━━ Input for this task

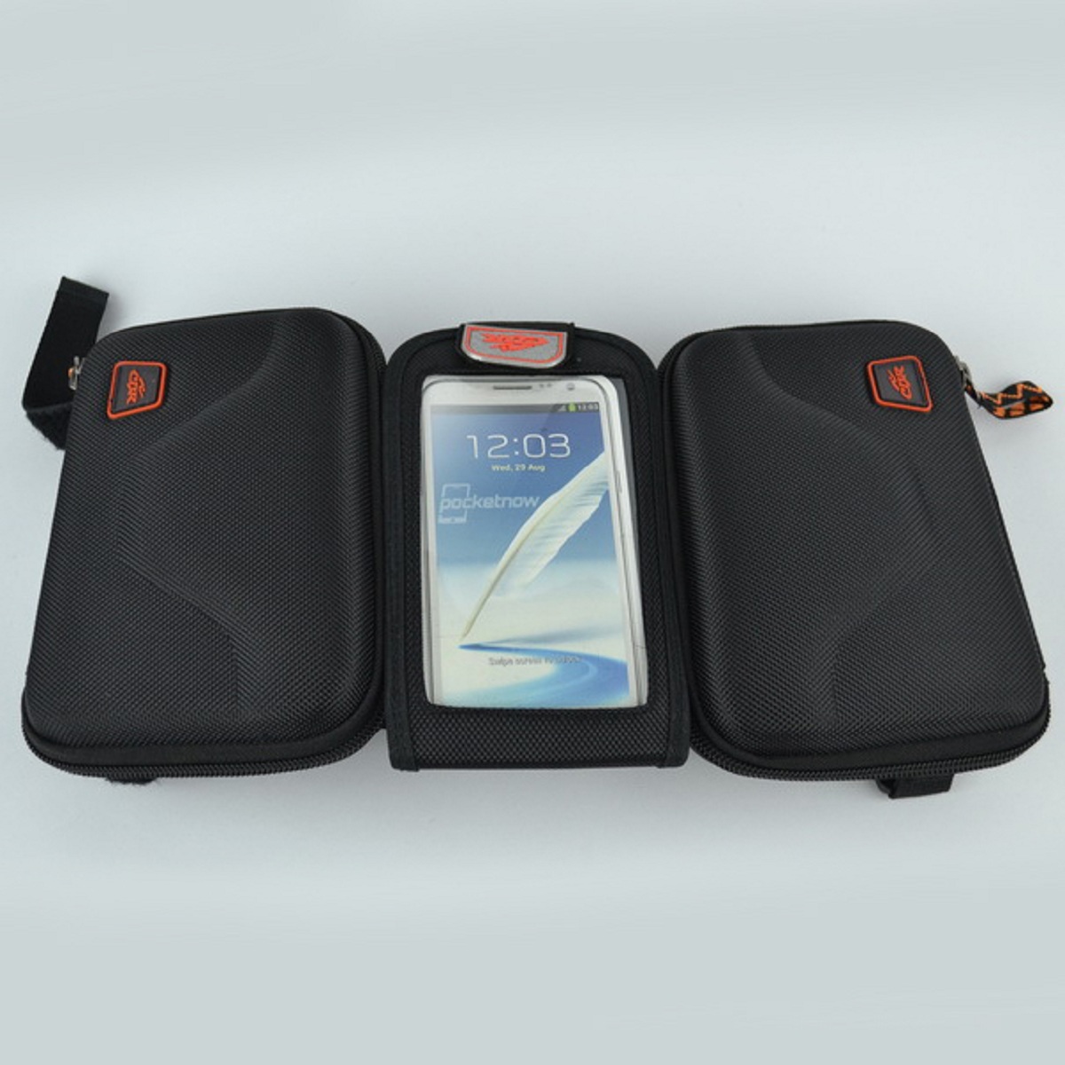 Sản phẩm tích hợp để điện thoại, hỗ trợ cảm ứng phía ngoài túi.
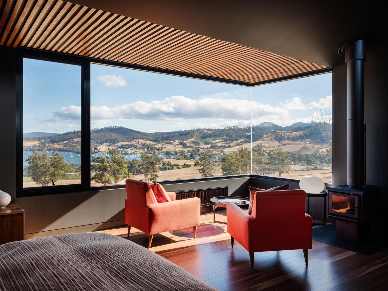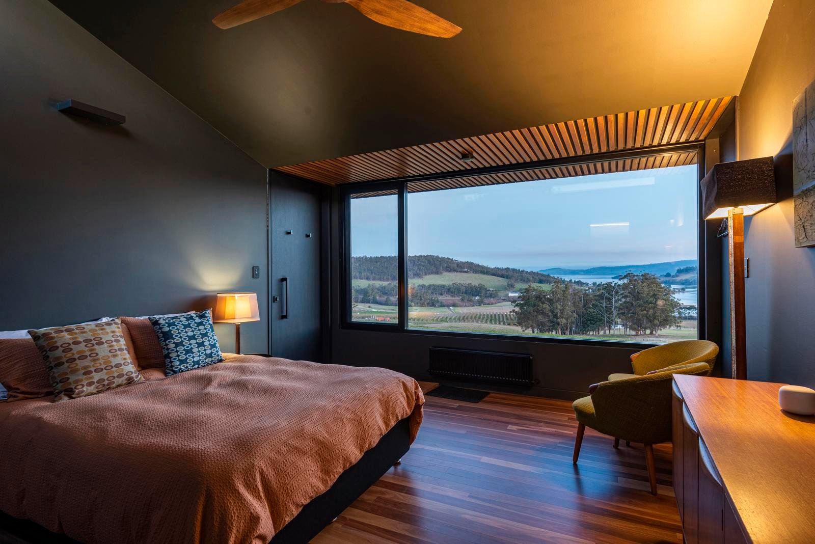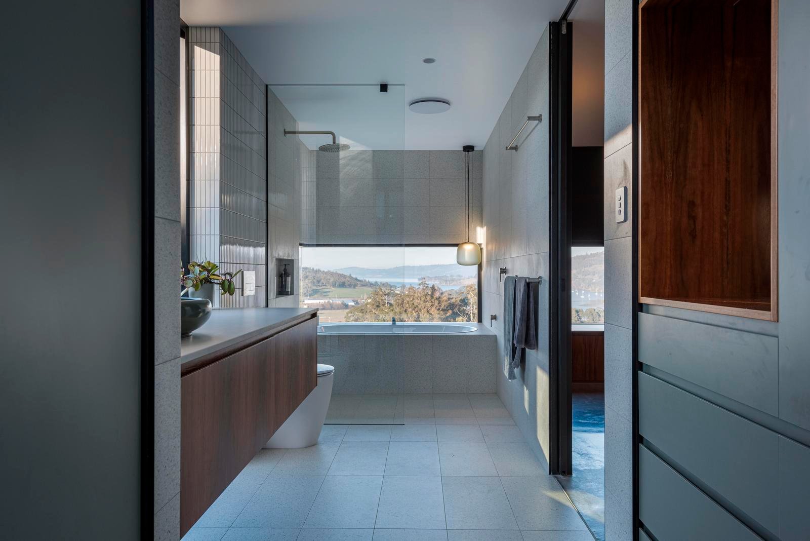 The master suite is thoughtfully positioned to capture the morning light and commanding views over Port Cygnet. Its ensuite is a serene retreat, featuring a deep soaking bath framed by sky and landscape.
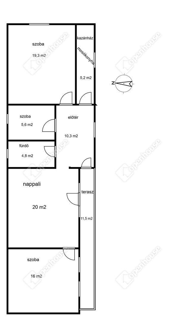 amerikai konyhás nappali, három hálószoba, előtér, fürdő–WC és kazánház–mosókonyha, ahol akár egy második WC is kialakítható.
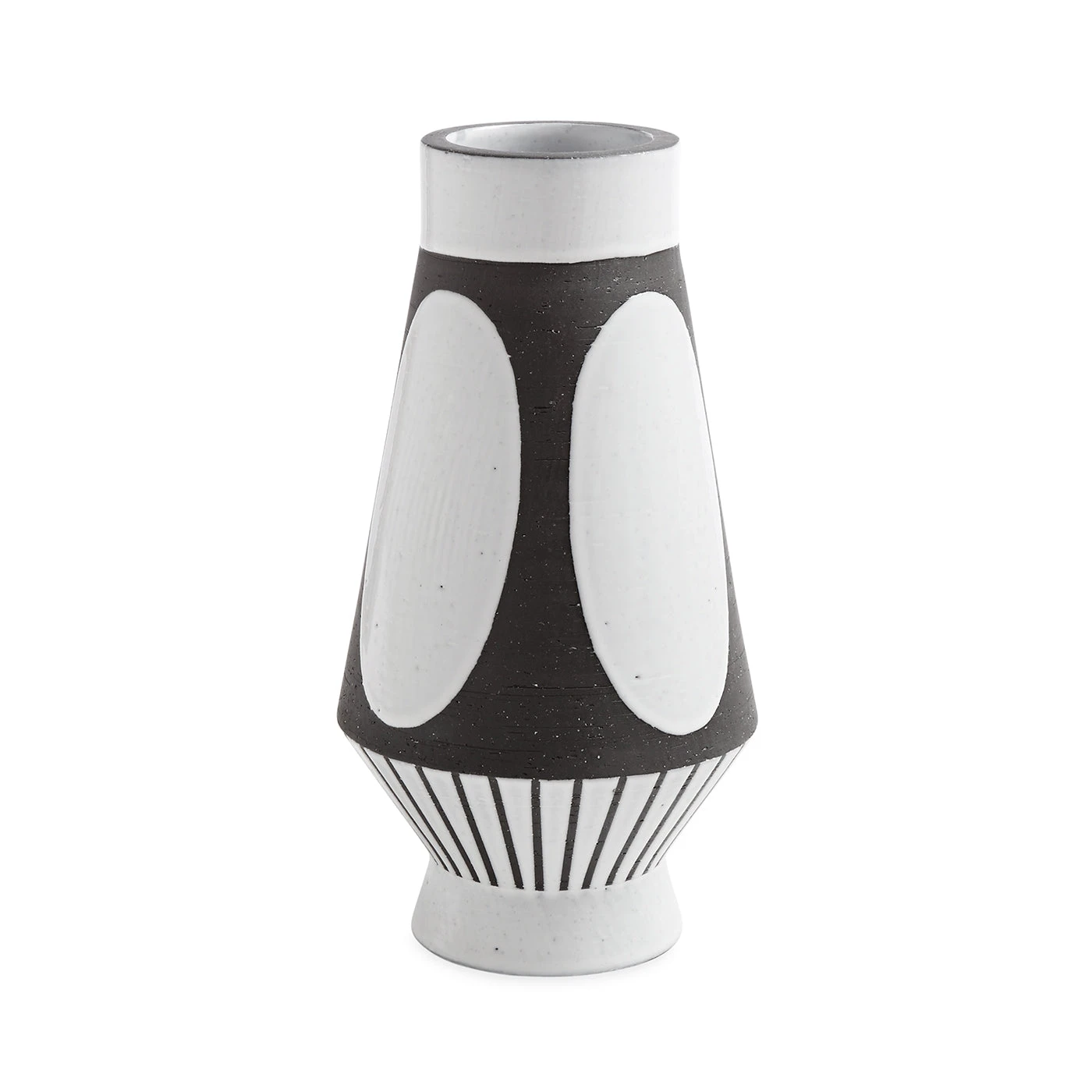 Thrown from black stoneware infused with chunky grog and trimmed and chattered* to create a striated texture. Patterns are masked off using tape and wax resist and finished with a satin-matte ivory glaze. Why not cluster three on a mantle or a bookshelf to create an haute hippie skyline?
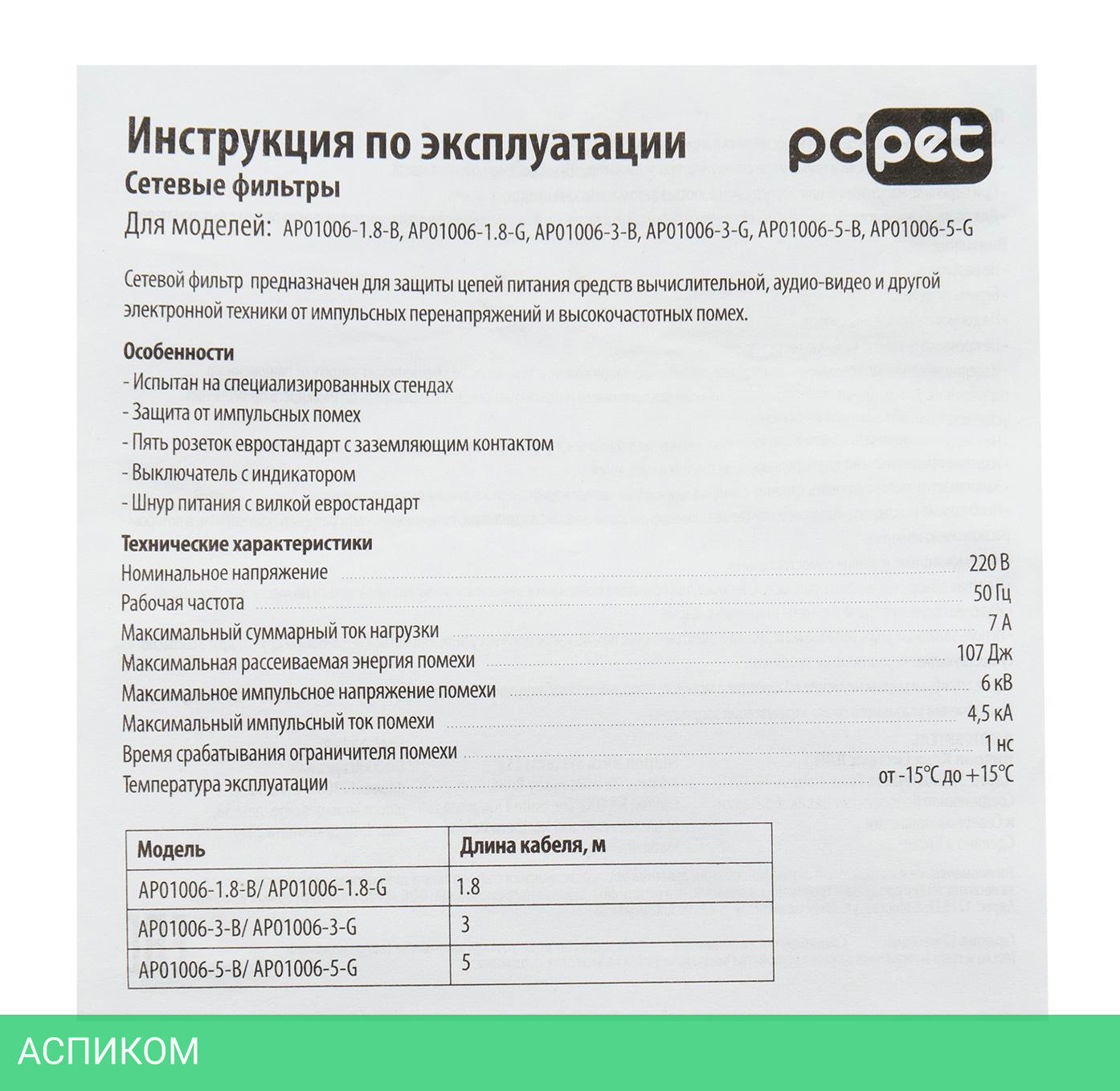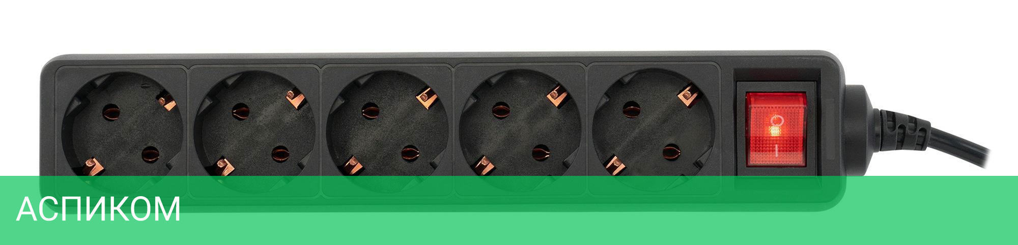 сетевой фильтр / черный / 5 / 1.8 / Schuko (евро с заземлением) / Schuko (евро с заземлением) / нет / нет / нет
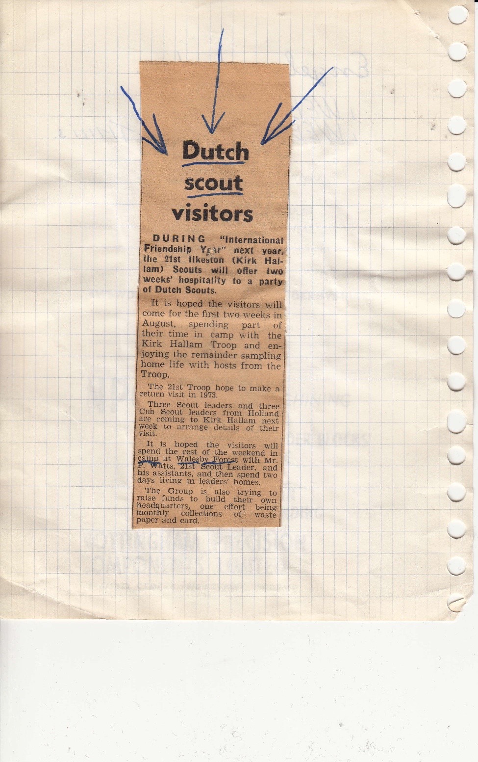 In 1970 hebben de verkenners deel genomen aan de Jamborette in Amersfoort.Dit is zo goed bevallen dat in 1971 al snel het idee in uitvoering werd gebracht om naar het buitenland te gaan. De keuze viel op Engeland. Er werd een oproep geplaatst in het Engelse scoutingblad waar een aantal reacties op kwamen. Een van de reacties was van de 21e Ilkeston scout group. Het klikte direct en al snel werden concrete plannen gemaakt. Het plan was om twee weken naar Engeland te gaan.
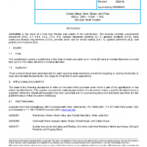 This specification covers a cobalt alloy in the form of sheet and plate up to 1 inch (25 mm) in nominal thickness or round bars up to 3-1/2 inches (89 mm) in nominal diameter.
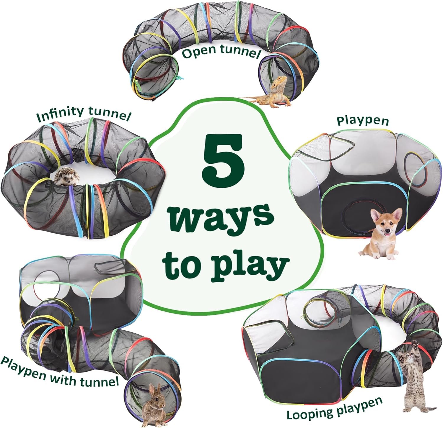 Ruime luxe katspelen: biedt voldoende ruimte met een volledig uitgebreide tentgrootte van 47*47*18 inch en een tunnel van 12*124 inch. Dit “herenhuis” buitenshuis biedt meer dan 15 vierkante voet activiteitsruimte, die meerdere katten, konijnen, cavia’s, fretten of andere kleine dieren biedt. Extra ruimte is beschikbaar voor speelgoed en traktaties
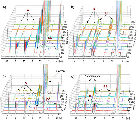 The 400 MHz 1H-NMR spectra of anthracene (A), dimer of anthracene (AA), 9-bromoanthracene (B) and dimer of 9-bromoanthracene (BB) in: (a,b) deoxygenated samples and (c,d) samples with oxygen at different reaction times, i.e., total time of UV illumination (λ = 365 nm).
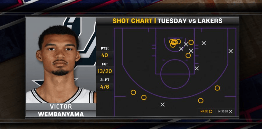 26分钟砍40+12!美媒晒文班亚马投篮分布图:👾
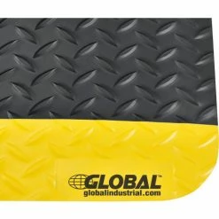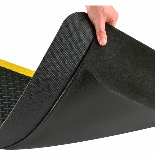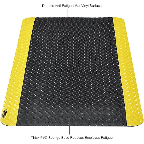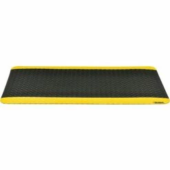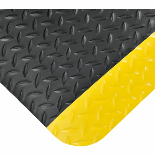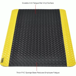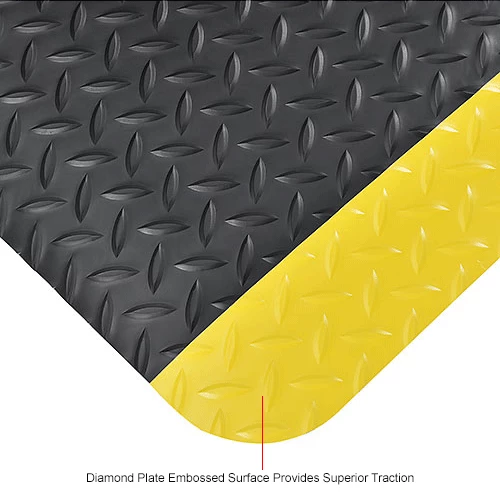 Anti-Fatigue mat made of chemical resistant vinyl, durable diamond tread plate surface bonded to a buoyant foam base. Beveled edges provide safety with Safety Colored Borders for maximum safety awareness.
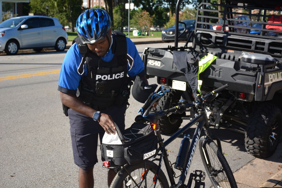 A Clarksville Police Officer checks out his bicycle before the city’s first Community Bike Ride with Clarksville Parks & Recreation on Sat. October 16 2021. (Lee Erwin).
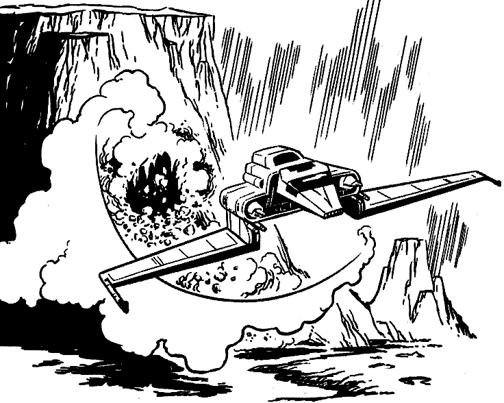 Après avoir dégagé CR-8R qui était prisonnier de décombres, les deux enfants grimpèrent à bord de la navette. Ayant peu de temps avant que la minuterie des explosifs n'arrive au terme de son décompte, Lina décida de piloter la navette à travers le réseau de tunnels jusqu'à une autre sortie. Milo entreprit d'aider sa sœur en se servant du laser de forage pour agrandir le tunnel de sortie. In extremis, les deux enfants parvinrent à sortir de la caverne et à rejoindre l'espace. Là, ils virent avec impuissance la navette de classe Sentinelle à bord de laquelle se trouvaient leurs parents plonger dans l'hyperespace. Bien déterminés à sauver ses parents, Lina décida qu'ils devaient se rendre sur la planète Thune.[2]

━━━━

*Brief:*
Since the pictures are not part of the copy, please transcribe only the lines above from the one with "In 1970 hebben" through the one with "Ruime luxe katspelen: biedt", exactly and with both ends.

*Reply:*
 In 1970 hebben de verkenners deel genomen aan de Jamborette in Amersfoort.Dit is zo goed bevallen dat in 1971 al snel het idee in uitvoering werd gebracht om naar het buitenland te gaan. De keuze viel op Engeland. Er werd een oproep geplaatst in het Engelse scoutingblad waar een aantal reacties op kwamen. Een van de reacties was van de 21e Ilkeston scout group. Het klikte direct en al snel werden concrete plannen gemaakt. Het plan was om twee weken naar Engeland te gaan.
 This specification covers a cobalt alloy in the form of sheet and plate up to 1 inch (25 mm) in nominal thickness or round bars up to 3-1/2 inches (89 mm) in nominal diameter.
 Ruime luxe katspelen: biedt voldoende ruimte met een volledig uitgebreide tentgrootte van 47*47*18 inch en een tunnel van 12*124 inch. Dit “herenhuis” buitenshuis biedt meer dan 15 vierkante voet activiteitsruimte, die meerdere katten, konijnen, cavia’s, fretten of andere kleine dieren biedt. Extra ruimte is beschikbaar voor speelgoed en traktaties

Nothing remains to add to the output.